Rhaphigaster nebulosa, common name mottled shieldbug, is a species of stink bugs in the family Pentatomidae. It is the only species of the genus Rhaphigaster.

Distribution
This species is distributed throughout the Palearctic region, more commonly in the southern than in the northern parts of Central Europe (Austria, Croatia, France, Germany, Greece, Hungary, Italy, Luxembourg, Serbia, Slovenia, Spain, Switzerland, Turkey, United Kingdom), and is not known to occur in the United States.

Habitat
Mottled shieldbugs prefer warm deciduous forests, parks and gardens.

Description
Rhaphigaster nebulosa can reach a length of . These large shieldbugs are hairless and coloured dirty yellowish-grey to brown with irregularly-distributed fovea on the top side of its body.
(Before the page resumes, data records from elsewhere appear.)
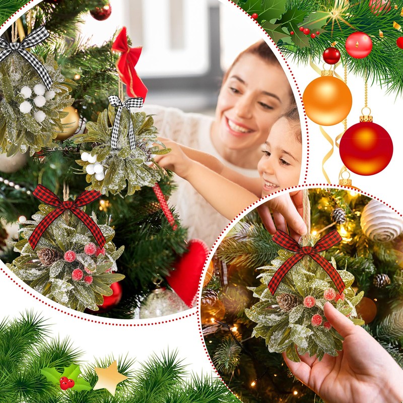 - Beautifully Crafted: the Christmas mistletoe ball with berries is made of realistic fake leaves and berries, complete with buffalo checkered bow webbing and pine cones, which is bundled into a sphere and drizzled with artificial snowflakes to give a stunning feel; Mistletoe balls are tied with a loop of twine webbing at the top for hanging and displaying
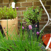Left to right and top to bottom: my first tomato flower for this year; broad beans; potatoes; plums; pears; fig; blackcurrant flowers; blueberry blossom; amelanchier lamarckii flowers; oregano; chives, mint and sage.
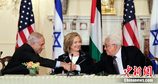 9月2日,在位于首都华盛顿的美国国务院,以色列总理内塔尼亚胡、美国国务卿希拉里·克林顿、巴勒斯坦民族权力机构主席阿巴斯(从左到右)出席巴以直接会谈重启仪式。
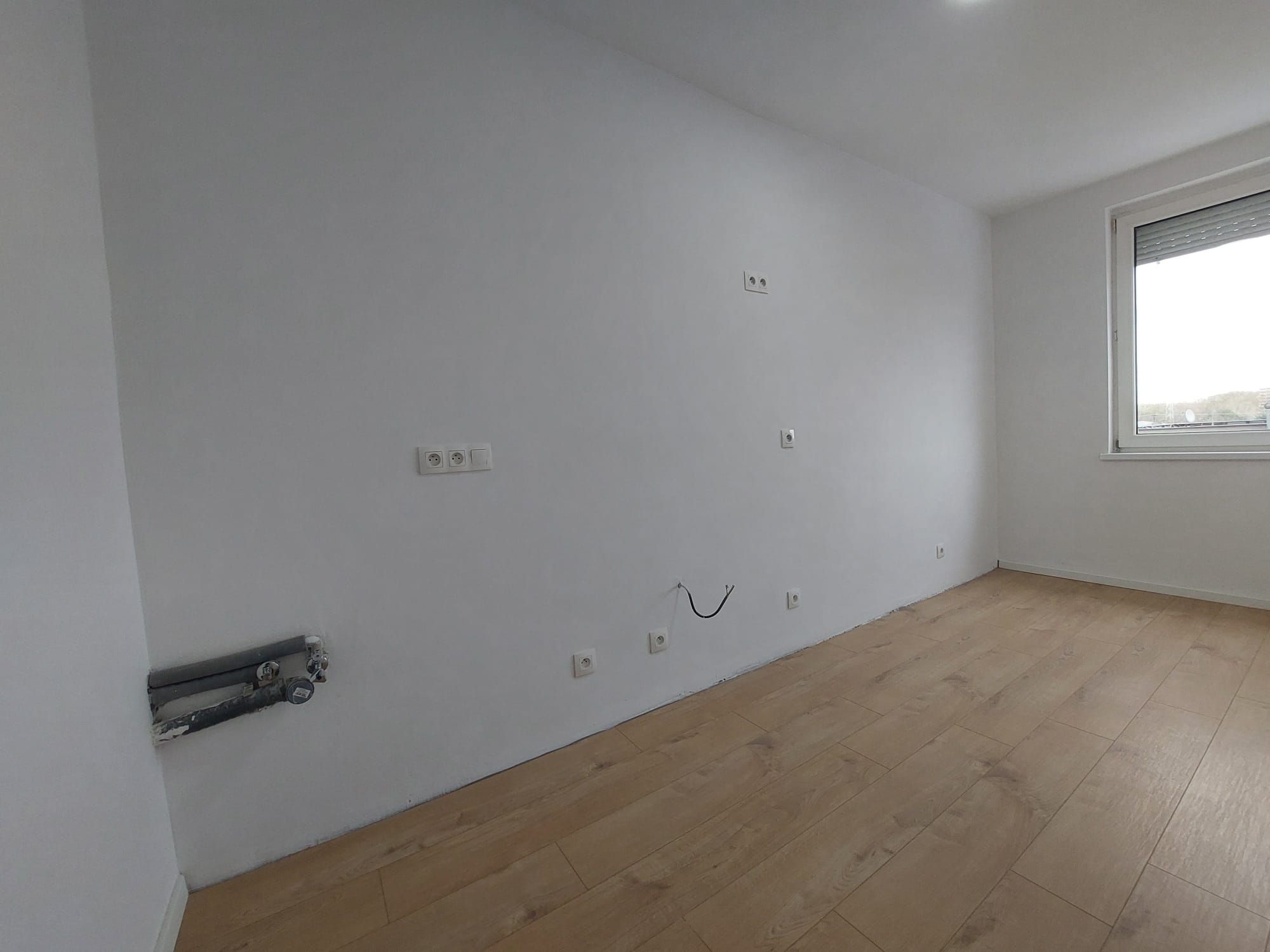 V byte sú plastové okná Rehau s exteriérovými roletami, urobená je komplet predpríprava na kuchynskú linku.
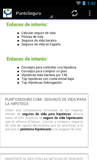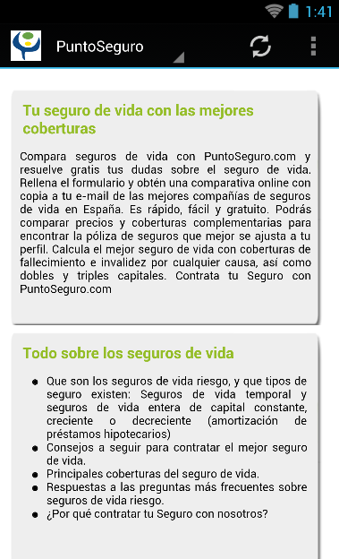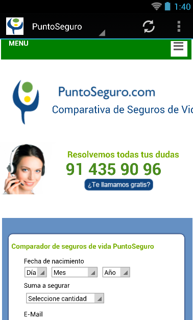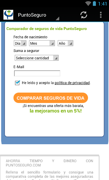 PuntoSeguro.com™ es el comparador de seguros de vida que te facilita una comparativa de seguros de vida de 15 aseguradoras de vida al mejor precio. Contratar el mejor seguro puede resultar una tarea complicada, pero afortunadamente en PuntoSeguro te lo ponemos muy fácil para encontrar el seguro que mejor se adapte a tus necesidades. Los seguros vida son seguros pensados para proteger a los seres queridos en caso de nuestro fallecimiento o invalidez. Son una solución perfecta para preservar la estabilidad economica en el futuro sin sacrificar el presente. Los seguros de PuntoSeguro.com son productos sencillos y flexibles que permiten asegurar tu vida por mucho menos de lo que piensas. Para conseguir tu comparativa sólo tienes que rellenar el formulario e inmediatamente podrás comparar precios y coberturas de las mejores aseguradoras en España. Somos independientes: Somos la primera correduría de seguros vida online que hubo a nivel nacional. No mantenemos vinculo accionarial con ninguna aseguradora lo que nos permite recomendarte siempre la mejor opción para tu perfil. PuntoSeguro.com se financia mediante la intermediación de pólizas de seguros. La transparencia es nuestra mejor virtud: Al ser los seguros vida anuales renovables, los precios que mostramos en el comparador son precios anuales, ya que si decides contratar tu seguro a través de PuntoSeguro, te aseguras de que, en el momento previo a la renovación del seguro, uno de nuestros expertos analice tu póliza y lo que estés pagando, y te asesore sobre la conveniencia de continuar con la compañía de seguros que escogieras, o de contratar un seguro con otra aseguradora en el caso de que el precio o las coberturas a asegurar sean más interesantes para ti. Sobre nosotros: Puntoseguro.com es un portal dedicado a la distribución on line de seguros gestionado por Futuro Gestión On Line S.L. correduría de seguros CIF: B84220664 con autorización de la Dirección general de seguros J2462. Su objetivo es proporcionar al usuario la información y las herramientas necesarias para conocer, comparar y contratar sus seguros. Puntoseguro.com presta sus servicios de manera independiente, dado que su propietario, no mantiene vínculo accionarial alguno con las entidades aseguradoras. Estos servicios son gratuitos. Puntoseguro.com se financia mediante la intermediación de pólizas de seguros. Puntoseguro.com ha sido pionero en la comercialización de seguros por Internet en España,ofrece los productos de compañías aseguradoras que figuran entre las más solventes y respetadas del sector PuntoSeguro.com es citada por Cap Gemini como una de las dos corredurías on line pioneras en España y la única incluida en las 13 ediciones del Estudio que realiza anualmente. La revista Actualidad Aseguradora, la mas leída en el sector asegurador, al analizar las corredurías virtuales declara que PuntoSeguro.com destaca por "su diseño, navegabilidad y amplia oferta de compañiías y seguros. Ha incorporado recursos de web 2.0 para compartir contenidos y resultados de sus comparativas de tarificaciones on line". En la actualidad PuntoSeguro cuenta con más de 5.000 clientes satisfechos con los seguros de vida y hogar contratados a través de su mediación. Las personas que componen el equipo de dirección de PuntoSeguro.com vuelcan su dilatada experiencia aseguradora en la búsqueda de las mejores soluciones para sus clientes ¿Dónde puedes encontrarnos? Estamos en la Calle Serrano 41, planta 6 oficina 1, 28001 Madrid, España.PuntoSeguro.com ™ is the life insurance comparison that makes you a comparative life insurance 15 life insurers at the lowest price. Hire the best insurance can be a complicated task, but fortunately PuntoSeguro we make it easy to find the insurance that best suits your needs. Life insurance is insurance designed to protect loved ones in the event of our death or disability. They are a perfect solution to preserve the economic stability in the future without sacrificing the present. Secure PuntoSeguro.com are simple and flexible products which ensure your life for a lot less than you think. To get your comparison just fill out the form and immediately you can compare prices and coverage from top insurance companies in Spain. Independent we are: We are the first online life insurance broker that was nationwide. We do not hold equity link with any insurance allowing us to always recommend the best option for your profile. PuntoSeguro.com is funded through the intermediation of insurance policies. Transparency is our greatest virtue: As insurance renewable life year, the prices quoted in the comparator are annual rates, because if you decide to hire your insurance through PuntoSeguro, you make sure that in the time prior to the renewal insurance, one of our experts analyze your policy and what you're paying, and will advise on whether to continue with the insurance company you picked, or to take out insurance with another insurer in the event that the price or coverage to ensure they are more interesting to you. About Us: Puntoseguro.com is a portal dedicated to the distribution on line insurance managed by Future Management On Line SL insurance broker CIF: B84220664 with permission from the General Directorate of Insurance J2462. Its goal is to provide the user with information and skills necessary to meet, compare their insurance tools. Puntoseguro.com serves independently as its own, does not hold any shareholding relationship with the insurers. These services are free. Puntoseguro.com is funded through the intermediation of insurance policies. Puntoseguro.com has pioneered the online sale of insurance in Spain, offers products from insurance companies that are among the most reliable and respected industry PuntoSeguro.com is cited by Cap Gemini as one of two pioneers in online brokerages Spain and the one included in the 13 editions of the Survey conducted annually. Insurance News magazine, the most read in the i

The membrane of the forewings is often speckled dark brown, although these speckles are quite variable in extent. The lateral edge (Connexivum) of the abdomen has black and yellow markings. The antennae are ringed with black and yellow markings on the 3rd to 5th segments. The underside of the body is light coloured and shows dark spots. On its underside, between the hips (on the 1st sternite), there is a long spur. This species is similar to Dolycoris baccarum, but it lacks hairs.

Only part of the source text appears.